--- THE TASK ---
Would you copy the records below, exactly and only from their first line through the line containing "日本官員正在指揮核電站周?chē)用癯冯x", without any pictures?

┌─ SOURCE DATA

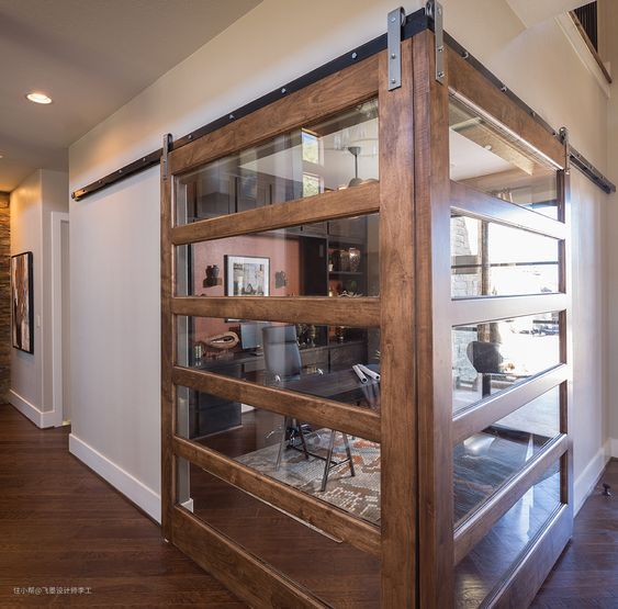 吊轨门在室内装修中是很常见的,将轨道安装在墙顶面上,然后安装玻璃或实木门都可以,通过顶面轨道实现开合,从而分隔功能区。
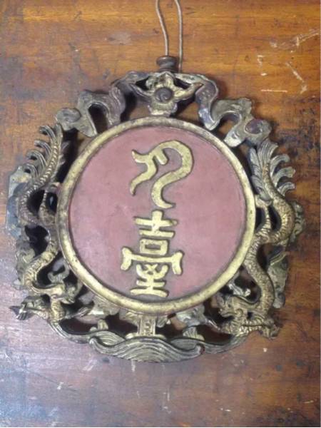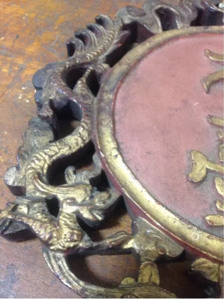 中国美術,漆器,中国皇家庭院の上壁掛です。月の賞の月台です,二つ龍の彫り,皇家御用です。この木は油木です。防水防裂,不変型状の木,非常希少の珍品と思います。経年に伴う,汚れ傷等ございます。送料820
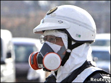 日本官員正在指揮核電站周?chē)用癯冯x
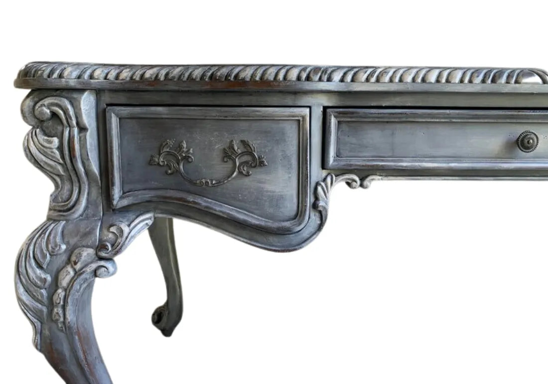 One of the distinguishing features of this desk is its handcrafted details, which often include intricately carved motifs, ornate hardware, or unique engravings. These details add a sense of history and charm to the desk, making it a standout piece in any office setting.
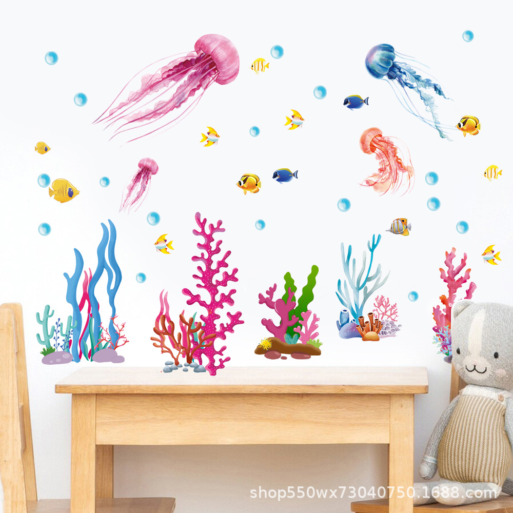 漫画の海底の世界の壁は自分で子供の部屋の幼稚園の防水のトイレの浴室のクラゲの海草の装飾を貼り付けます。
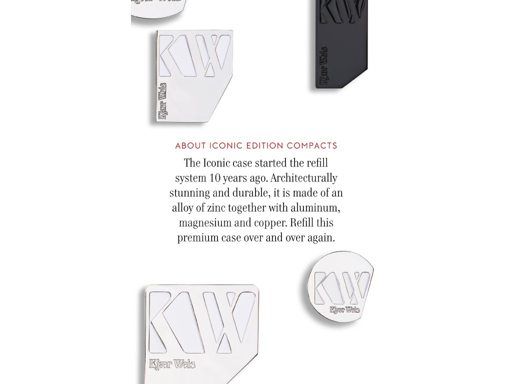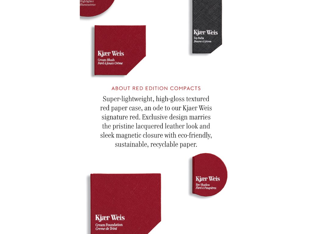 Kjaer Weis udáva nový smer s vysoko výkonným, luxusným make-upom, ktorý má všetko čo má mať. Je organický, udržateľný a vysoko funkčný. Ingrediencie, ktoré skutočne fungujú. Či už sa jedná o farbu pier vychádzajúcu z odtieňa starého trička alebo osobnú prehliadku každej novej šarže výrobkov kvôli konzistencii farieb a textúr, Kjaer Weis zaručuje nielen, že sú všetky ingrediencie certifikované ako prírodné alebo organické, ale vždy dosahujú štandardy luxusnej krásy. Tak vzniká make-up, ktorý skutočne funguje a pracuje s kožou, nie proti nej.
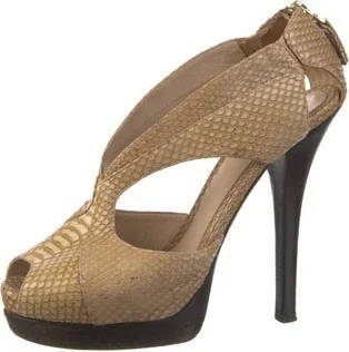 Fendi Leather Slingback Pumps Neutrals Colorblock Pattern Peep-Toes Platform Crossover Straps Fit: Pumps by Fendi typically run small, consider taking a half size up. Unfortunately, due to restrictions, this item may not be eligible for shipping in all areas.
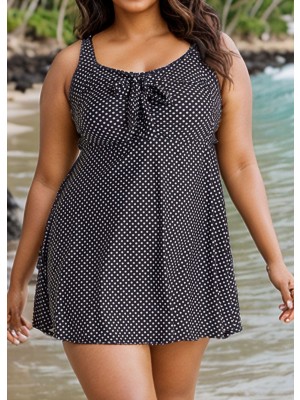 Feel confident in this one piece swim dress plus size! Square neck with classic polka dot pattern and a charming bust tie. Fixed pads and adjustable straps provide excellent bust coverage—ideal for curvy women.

└─

--- SOLUTION TO THE PROBLEM ---
 吊轨门在室内装修中是很常见的,将轨道安装在墙顶面上,然后安装玻璃或实木门都可以,通过顶面轨道实现开合,从而分隔功能区。
 中国美術,漆器,中国皇家庭院の上壁掛です。月の賞の月台です,二つ龍の彫り,皇家御用です。この木は油木です。防水防裂,不変型状の木,非常希少の珍品と思います。経年に伴う,汚れ傷等ございます。送料820
 日本官員正在指揮核電站周?chē)用癯冯x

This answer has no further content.